The visitor, as he passes inland, will frequently observe upon the fronts of the clustering dwelling-houses attempts at representations of birds and various animals, looking like anything but what they are designed to depict, the most striking characteristic being the gaudy coloring and remarkable size. Pigeons present the colossal appearance of ostriches, and dogs are exceedingly elephantine in their proportions. Especially in the suburbs of Havana may this queer fancy be observed to a great extent, where attempts are made to depict domestic scenes, and the persons of either sex engaged in appropriate occupations. If such ludicrous objects were met with anywhere else but in Cuba, they would be called caricatures, but here they are regarded with the utmost complacency, and innocently considered as ornamental.4646
  "On the fronts of the shops and houses, and on plastered walls by the way-side, you continually see painted birds, and beasts, and creeping things, men and women in their various vocations and amusements, and some things and some images not strictly forbidden by the letter of the commandment, being like nothing in heaven above, or in the earth beneath, or in the waters under the earth!" —Rev. Abiel Abbot's Letters.

Somehow this is a very general passion among the humbler classes, and is observable in the vicinity of Matanzas and Cardenas, as well as far inland, at the small hamlets. The exterior of the town houses is generally tinted blue, or some brown color, to protect the eyes of the inhabitants from the powerful reflection of the ever-shining sun.

One of the most petty and annoying experiences that the traveller upon the island is sure to meet with, is the arbitrary tax of time, trouble and money to which he is sure to be subjected by the petty officials of every rank in the employment of government; for, by a regular and legalized system of arbitrary taxation upon strangers, a large revenue is realized. Thus, the visitor is compelled to pay some five dollars for a landing permit, and a larger sum, say seven dollars, to get away again. If he desires to pass out of the city where he has landed, a fresh permit and passport are required, at a further expense, though you bring one from home signed by the Spanish consul of the port where you embarked, and have already been adjudged by the local authorities. Besides all this, you are watched, and your simplest movements noted down and reported daily to the captain of police, who takes the liberty of stopping and examining all your newspapers, few of which are ever permitted to be delivered to their address; and, if you are thought to be a suspicious person, your letters, like your papers, are unhesitatingly devoted to "government purposes."
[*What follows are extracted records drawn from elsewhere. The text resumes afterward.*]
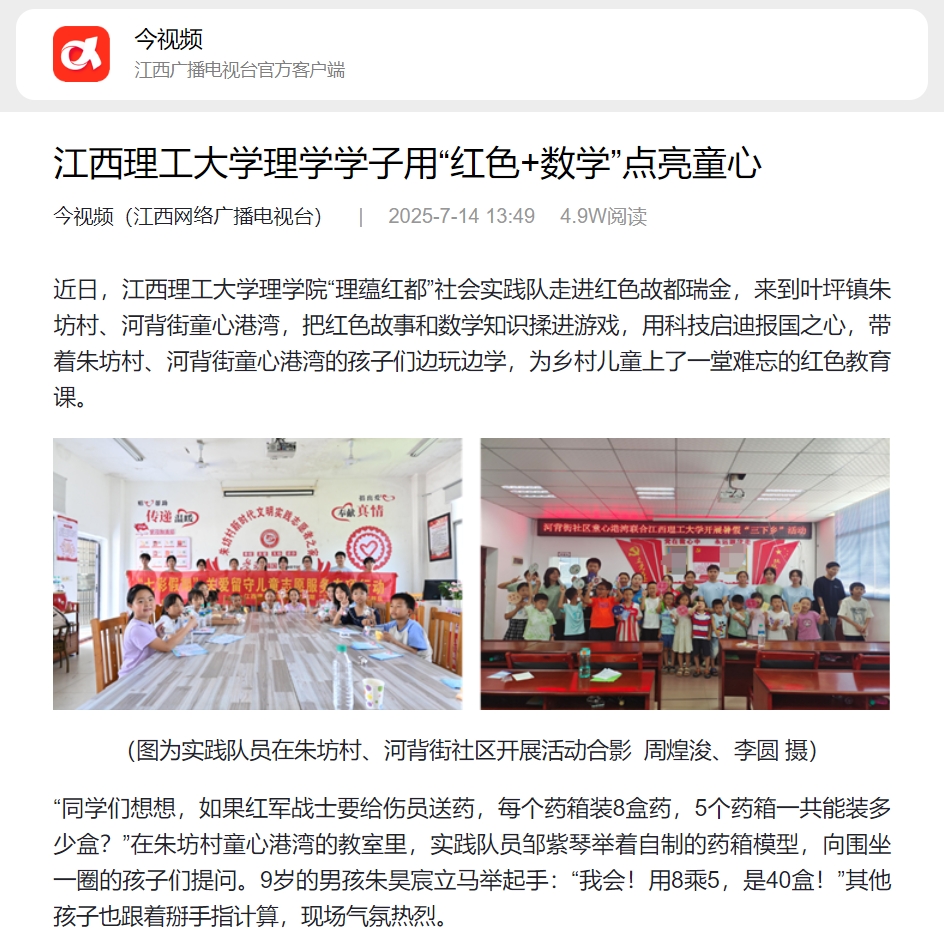 理学院“理蕴红都”社会实践队走进红色故都瑞金,来到叶坪镇朱坊村、河背街童心港湾,把红色故事和数学知识揉进游戏,用科技启迪报国之心,带着朱坊村、河背街童心港湾的孩子们边玩边学,为乡村儿童上了一堂难忘的红色教育课。
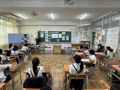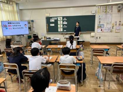 南津守小学校栄養教諭の奥埜先生に来ていただき、2時間目に4年2組、3時間目に4年1組において、「野菜を食べて元気に!」と題して出前授業をしていただきました。
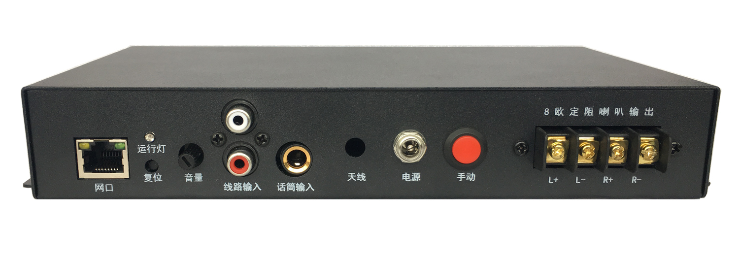 ◆內(nèi)置嵌入式網(wǎng)絡(luò)語音解碼模塊、2*50W/8Ω雙通道輸出功放,,驅(qū)動(dòng)外接音箱工作,設(shè)備運(yùn)行穩(wěn)定性高。
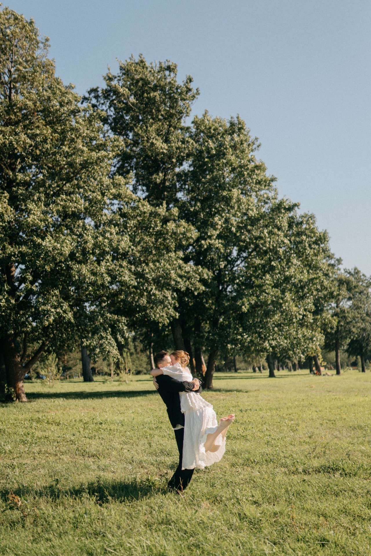 Мероприятие получилось безумно весёлым и трогательным. Самым слёзным моментом, конечно, стала церемония — по фотографиям видно, что плакали почти все. А в остальном, все только улыбались! Мы с Глебом много участвовали во всём, обнимались с гостями, смеялись и, конечно, немного не успевали поесть. Но об этом мы почти не жалеем, разве что совсем чуть-чуть — еда была очень вкусная!)
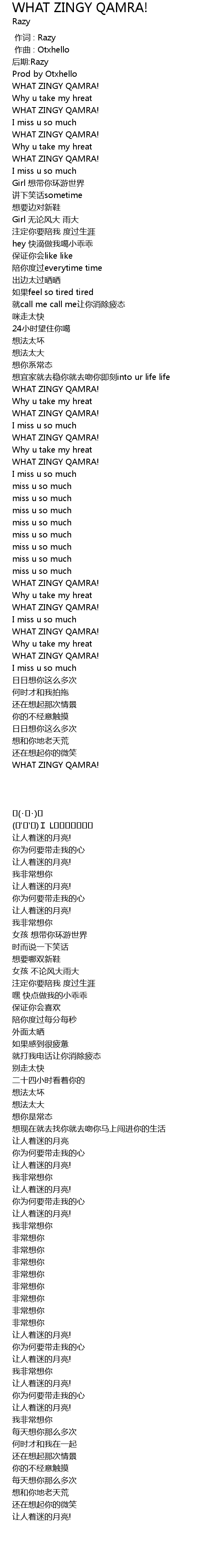 | 歌曲 | WHAT ZINGY QAMRA! |
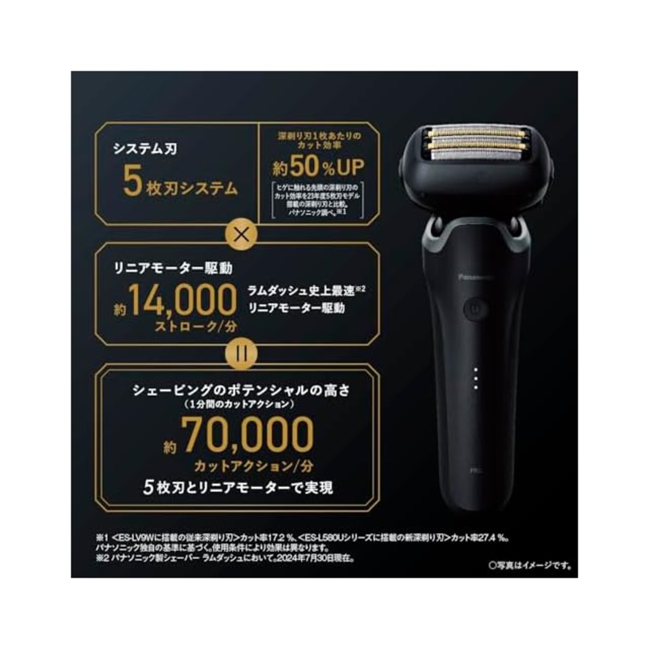 5枚刃システム×高速リニアモーターで、濃いヒゲもしっかり深剃り
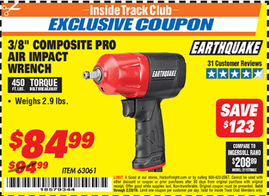 ITC EARTHQUAKE 3/8 IN. COMPOSITE AIR IMPACT WRENCH Lot No. 63061 Expired: 2/28/19 - $84.99 Coupon Code: '18579344'
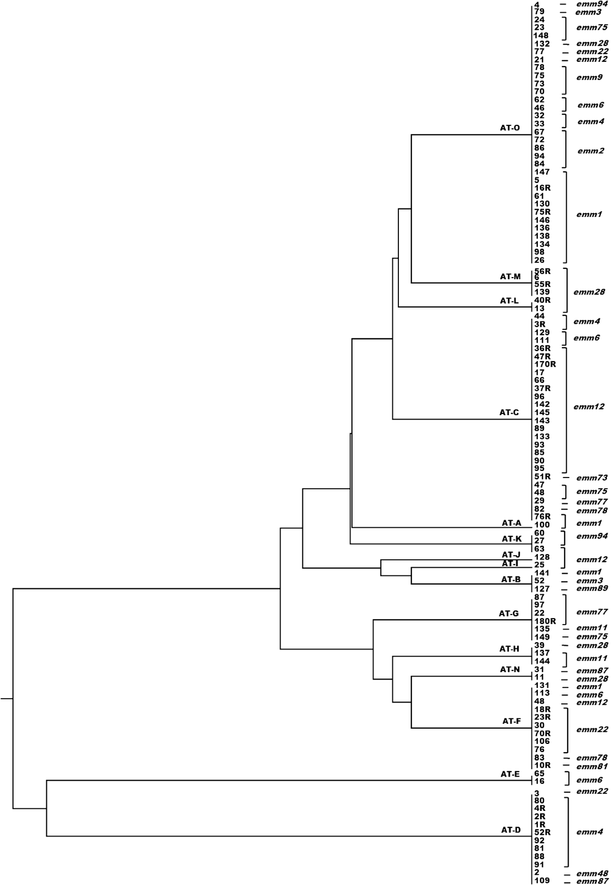 Fig. 3. Dendrogram from UPGMA cluster analysis of the csrR gene sequence of 110 group A streptococcus isolates showing allele type (AT) and emm type.
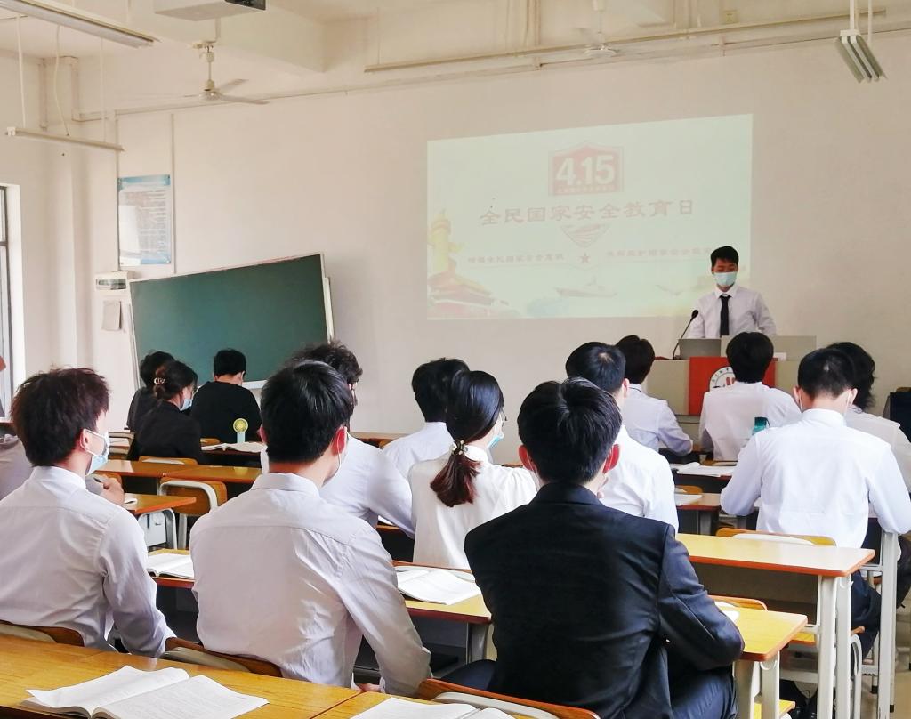 国家安全教育日前后,学校党委中心组以学习习近平总书记关于国家安全重要论述为第一议题,进行集中学习。学校党委办组织全校师生参加“百年再出发 喜迎二十大”国家安全教育线上知识竞赛,在全校掀起了抢答题、赢奖品的热潮。主动联系市国安支队相关部门,领取了一批国家安全教育宣传海报和宣传册子,下发到各系。学生处组织各系各班级开展国家安全日主题班会活动,观看视频、讲解国家安全知识、畅谈感想,力求国家安全教育入脑入心。思政部学生党支部组织20级入党积极分子、师生代表等80多人,分成两个会场,观看国家安全局谍战微电影《密战》《猎狐》《影子猎手》,大大提高了师生的敌情意识、保密意识、防范意识。4月15日,由党委办主办,经济管理系学生党支部承办的国家安全教育日校园设点宣传活动在北校区举行。入党积极分子、学生志愿者在校园内发放宣传小册子,向广大师生普及《国家安全法》《反间谍法》等法律的制定背景、重要意义和主要内容。

An evidence of the jealous care which is exercised to prevent strangers from carrying away any information in detail relative to the island, was evinced to the writer in a tangible form on one occasion in the Paseo de Isabella. A young French artist had opened his portfolio, and was sketching one of the prominent statues that grace the spot, when an officer stepped up to him, and, taking possession of his pencil and other materials, conducted him at once before some city official within the walls of Havana. Here he was informed that he could not be allowed to sketch even a tree without a permit signed by the captain-general. As this was the prominent object of the Frenchman's visit to the island, and as he was really a professional artist sketching for self-improvement, he succeeded, after a while, in convincing the authorities of these facts, and he was then, as a great favor, supplied with a permit (for which he was compelled to pay an exorbitant fee), which guaranteed to him the privilege of sketching, with certain restrictions as to fortifications, military posts, and harbor views; the same, however, to expire after ninety days from the date.